= Your goal =
Without pictures, return the lines from the one containing "高速奔驰的96B坦克通过涉水" through the last line of the data below, exactly.

-------- Study material

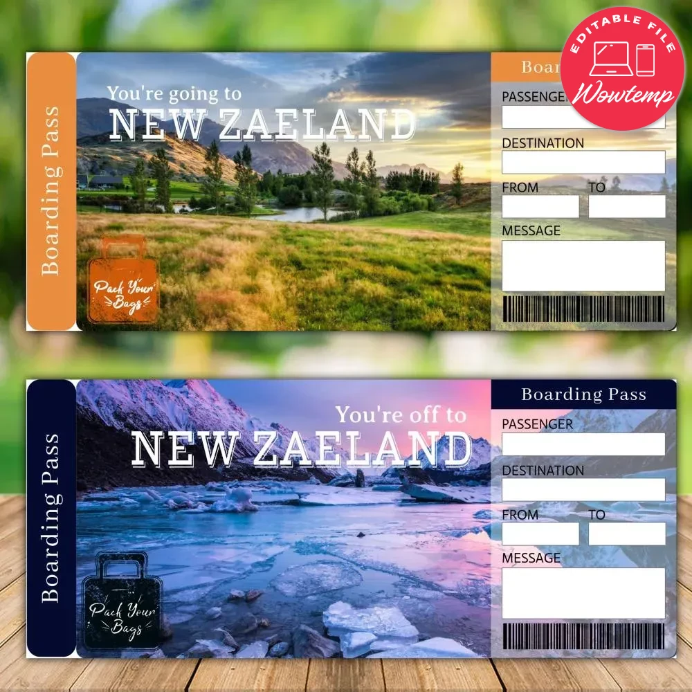 Editable NEW ZEALAND Surprise Gift Ticket Instant Download Wowtemp
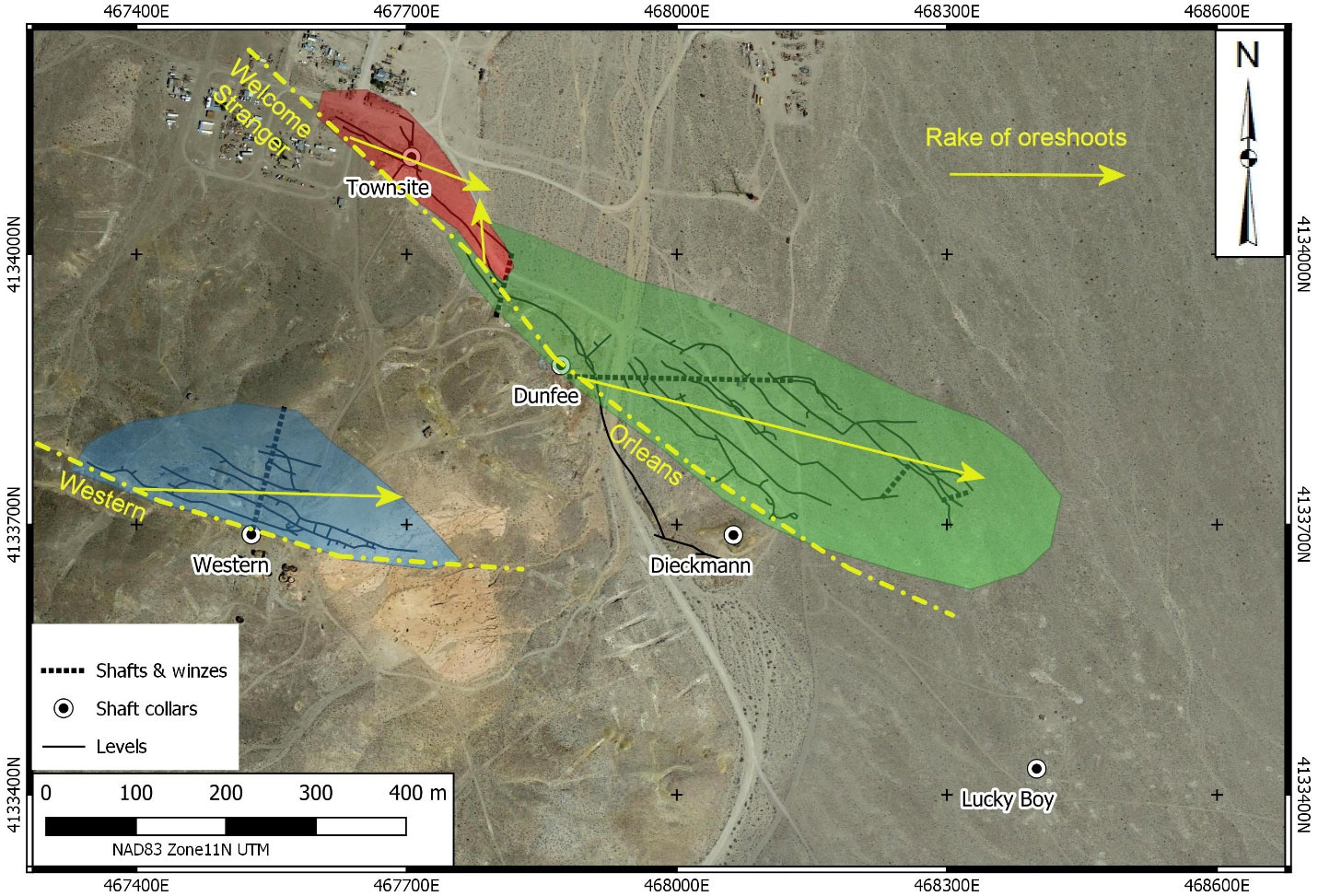 Gold Point area showing main veins, workings and ore shoots.
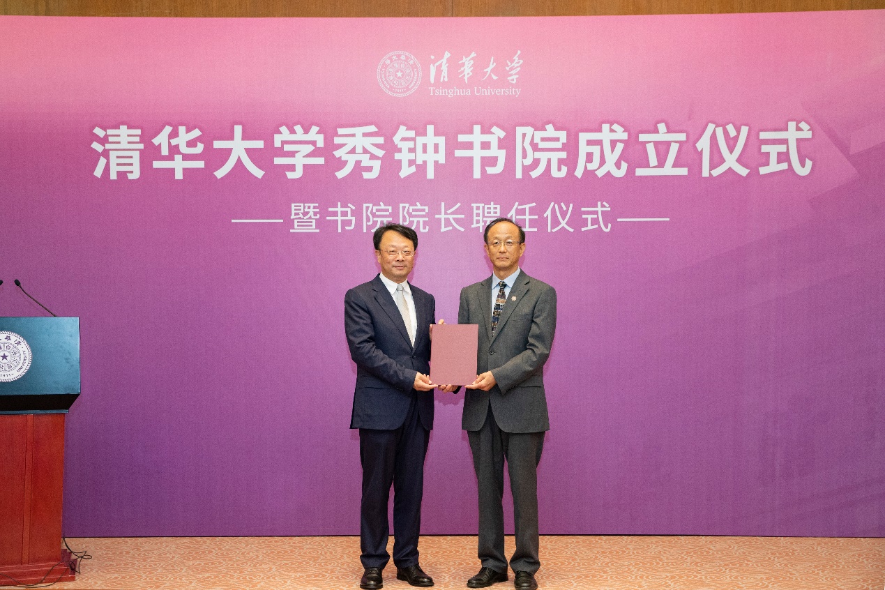 过勇宣读了秀钟书院成立决定。秀钟书院按照学校实体机构运行,聘请清华大学环境学院教授胡洪营担任院长。王希勤、过勇、彭刚、胡洪营、秀钟书院副院长岳东北共同为书院揭牌。随后,王希勤为胡洪营颁发了书院院长聘书。
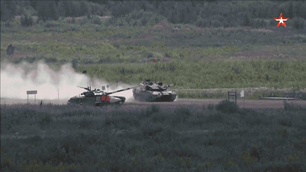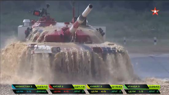 高速奔驰的96B坦克通过涉水路面的场景。在首次参加俄罗斯军事比赛的时候,我军96A型坦克曾被俄军T-72B型坦克当场超车。虽然是友谊第一、比赛第二,但赛场竞技谁也不想甘居落后。因此我国利用成熟的三代坦克动力技术,马上给96坦克“鸟枪换炮”,马上扭转了性能上的差距。本届坦克大赛上,除了俄军的T-5072B3坦克也能飚出时速71公里,其他国家的T-72玩命开也就是时速66公里的水平。
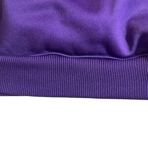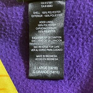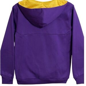Stylish purple hoodie with yellow accents and LSU logo. Perfect for fans! Good condition! Made from 100% polyester. Hoodie has two front pockets, 1/4 front zip and ribbed waist and cuffs. Length measures 24 inches. Armpit to armpit measures 19 inches. Sleeve length measures 22 inches.
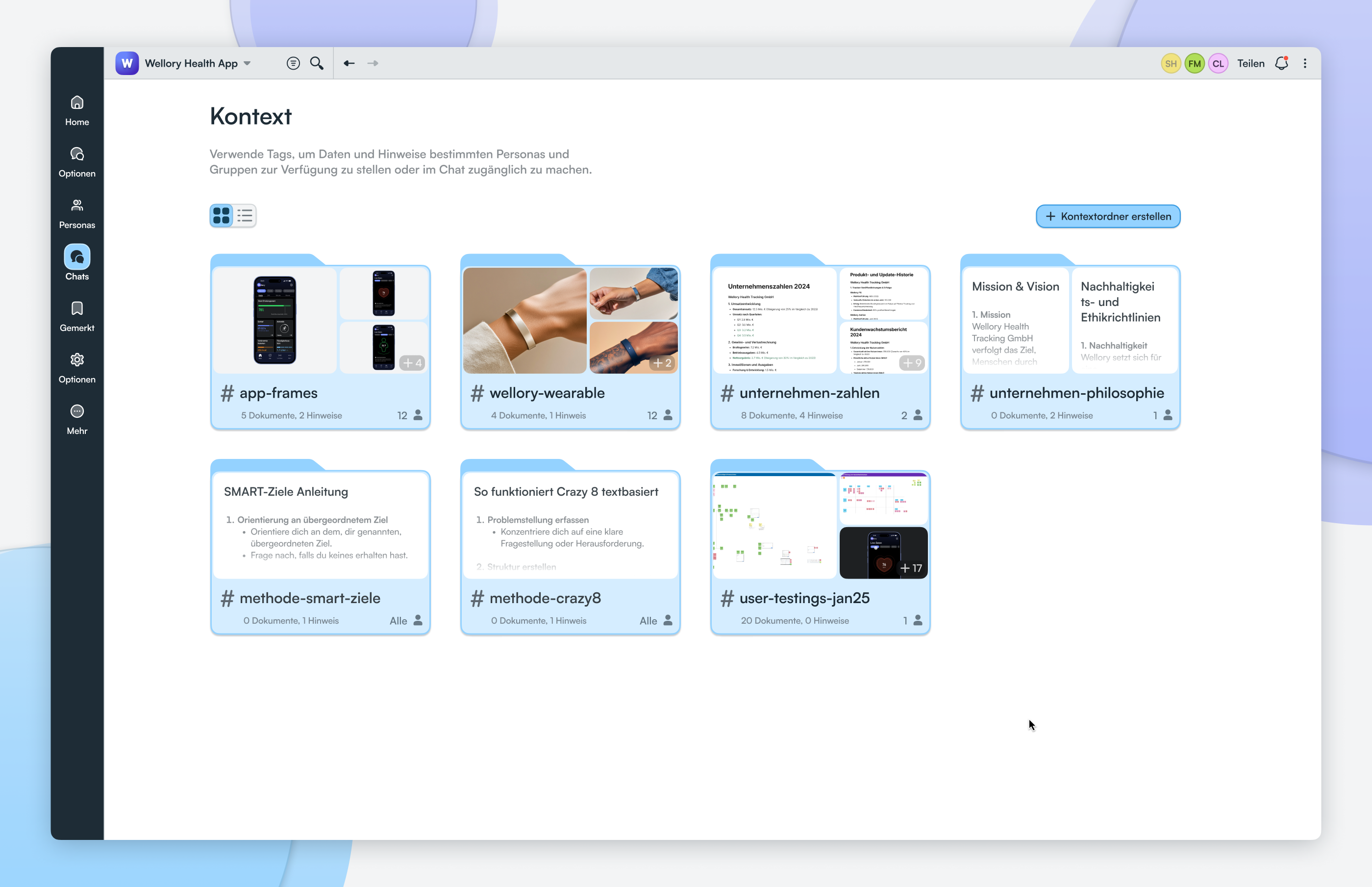 Kontextordner: Diese Funktion ermöglicht es, den Personas häufig benötigte bestehende Daten zur Verfügung zu zu stellen

----------------

= Exercise output =
 高速奔驰的96B坦克通过涉水路面的场景。在首次参加俄罗斯军事比赛的时候,我军96A型坦克曾被俄军T-72B型坦克当场超车。虽然是友谊第一、比赛第二,但赛场竞技谁也不想甘居落后。因此我国利用成熟的三代坦克动力技术,马上给96坦克“鸟枪换炮”,马上扭转了性能上的差距。本届坦克大赛上,除了俄军的T-5072B3坦克也能飚出时速71公里,其他国家的T-72玩命开也就是时速66公里的水平。
Stylish purple hoodie with yellow accents and LSU logo. Perfect for fans! Good condition! Made from 100% polyester. Hoodie has two front pockets, 1/4 front zip and ribbed waist and cuffs. Length measures 24 inches. Armpit to armpit measures 19 inches. Sleeve length measures 22 inches.
 Kontextordner: Diese Funktion ermöglicht es, den Personas häufig benötigte bestehende Daten zur Verfügung zu zu stellen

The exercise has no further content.